Entlastung für verzweifelte Familien

Quelle: Osnabrücker Zeitung, 15.04.2009

Osnabrück - „Ihr Kind ist unheilbar krank.“ Diese Diagnose erschüttert die ganze Familie. In der Folgezeit ist das Familienleben manchmal über Jahre extrem belastet. Der Osnabrücker Hospizverein gründet jetzt einen ambulanten Kinderhospizdienst.

Im Gegensatz zum stationären Hospiz ist der Einsatz beim Kinderhospizdienst deutlich länger vorgesehen. Die ehrenamtliche Begleitung einer Familie ist von der Diagnose einer lebensverkürzenden Erkrankung bis zum Tod und die Zeit danach möglich – also auch über Jahre hinweg.

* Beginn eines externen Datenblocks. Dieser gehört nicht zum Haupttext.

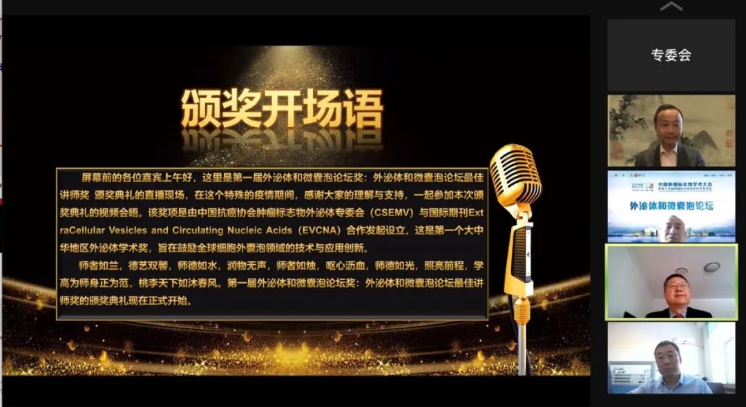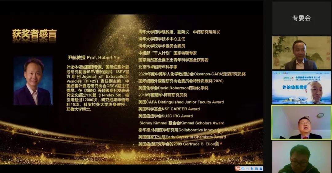 Extracellular Vesicles and Circulating Nucleic Acids(EVCNA)聯(lián)合發(fā)起設(shè)立第一屆外泌體和微囊泡論壇獎:CSEMV & EVCNA Lectureship Award-2021(外泌體和微囊泡論壇講座獎)。這是國內(nèi)的首個(gè)外泌體研究領(lǐng)域的獎項(xiàng),該獎項(xiàng)的設(shè)立旨在鼓勵全球細(xì)胞外囊泡領(lǐng)域的技術(shù)與應(yīng)用的創(chuàng)新,每年授予一名在外泌體領(lǐng)域取得突出貢獻(xiàn)的資深研究人員。本次線上頒獎儀式由澳大利亞新南威爾士大學(xué)李勇教授主持, CSEMV主席張灝教授代表協(xié)會頒獎, EVCNA主編美國國立衛(wèi)生院資深研究員Yoke Peng Loh博士致辭。

Das setzt eine besonders gute Vorbereitung auf diese Aufgabe voraus, berichtet Sandra Beck-Zwifka. Die gelernte Kinderkrankenschwester ist Koordinatorin des ambulanten Kinderhospizdienstes Osnabrück. Vier ehrenamtliche Kräfte sind inzwischen geschult, eine weitere ist ab Sommer für den Einsatz bereit.

Der ambulante Dienst wird gemeinschaftlich vom Osnabrücker Hospiz und dem Kinderhospiz Löwenherz in Syke betrieben. Der Kooperationsvertrag wird am Donnerstag kommender Woche im Rathaus unterzeichnet. Die enge Zusammenarbeit dient nach Auskunft von Sandra Beck-Zwifka zugleich der Vernetzung und der Verbreitung der ambulanten Kinderhospizarbeit in ganz Niedersachsen.

Wer für diesen Dienst geschult wird, muss bereits einen Grundkurs für Hospizarbeit absolviert haben. Die Ausbildung findet dann bei Löwenherz statt. Die Aufgaben der Ehrenamtlichen sind vielfältig: Sie haben Zeit für das erkrankte Kind, spielen mit Geschwisterkindern und sind Zuhörer für die Eltern und Angehörige. Die Unterstützung erfolgt zu Hause, in Pflegeeinrichtungen und Krankenhäusern.

Weil der ambulante Dienst über Jahre dauern kann, werden jeweils zwei Ehrenamtliche pro Familie eingesetzt. Die doppelte Besetzung sichert nach Auskunft der Koordinatorin eine dauerhafte Begleitung auch während Urlaubs- und Krankheitszeiten. Zudem könnten sich die Ehrenamtlichen austauschen. Offiziell wird der neue Dienst erst nach den Sommerferien eröffnet. Inzwischen werden aber schon zwei Familien begleitet.

Jede Familie mit einem unheilbar kranken Kind in der Stadt und im Umland kann ambulant unterstützt werden. Die Begleitung ist konfessionsungebunden und kostenlos. Der gesamte Dienst wird allein aus Spenden finanziert.

Nach der Vertragsunterzeichnung lädt der Hospizverein am Donnerstag, 23. April, um 19.30 Uhr zu einem Informationsabend im Marienhospital, Borromäus-Saal, ein. Unter dem Titel „Zuhören, Dasein, Begleiten“ wird die Praxis der ambulanten Kinderhospizarbeit von verschiedenen Seiten beleuchtet. Referenten des Abends sind unter anderem ein Vertreter von Löwenherz, eine ehrenamtliche Mitarbeiterin und die Mutter einer Familie, die bereits vom Verein begleitet wird.